Francis, Duke of Saxe-Coburg-Saalfeld (15 July 1750, in Coburg – 9 December 1806, in  Coburg), was one of the ruling Thuringian dukes of the House of Wettin. As progenitor of a line of Coburg princes who, in the 19th and 20th centuries, ascended the thrones of several European realms, he is a patrilineal ancestor of the royal houses of Belgium and Bulgaria (and also of Portugal until the death of King Manuel II in 1932), as well as of several queen consorts.

Biography
Francis was born on 15 July 1750. He is the eldest son of Ernest Frederick, Duke of Saxe-Coburg-Saalfeld and Duchess Sophie Antoinette of Brunswick-Wolfenbüttel.

Francis received a private, careful and comprehensive education and became an art connoisseur. Francis initiated a major collection of books and illustrations for the duchy in 1775, which eventually expanded to a 300,000-picture collection of copperplate engravings currently housed in the Veste Coburg.

Francis was commissioned into the allied army in 1793 when his country was invaded by the Revolutionary armies of France. The allied forces included Hanoverians, Hessians, and the British. He fought in several actions against the French.
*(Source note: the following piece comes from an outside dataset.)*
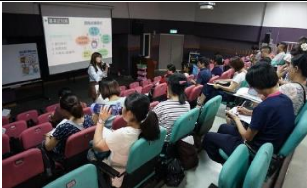
107/09/05 網路成癮辨識與輔導研習

Francis succeeded his father as reigning Duke of Saxe-Coburg-Saalfeld in 1800. In the discharge of his father's debts the Schloss Rosenau had passed out of the family but in 1805 he bought back the property as a summer residence for the ducal family.

Emperor Francis II dissolved the Holy Roman Empire on 6 August 1806, after its defeat by Napoleon at the Battle of Austerlitz. Duke Francis died 9 December 1806. On 15 December 1806, Saxe-Coburg-Saalfeld, along with the other Ernestine duchies, entered the Confederation of the Rhine as the Duke and his ministers planned.

First marriage
In Hildburghausen on 6 March 1776, Francis married Princess Sophie of Saxe-Hildburghausen, a daughter of his Ernestine kinsman, Duke Ernst Friedrich III and Princess Ernestine of Saxe-Weimar-Eisenach. She died on 28 October 1776, only seven months after her wedding. There were no children born from this marriage.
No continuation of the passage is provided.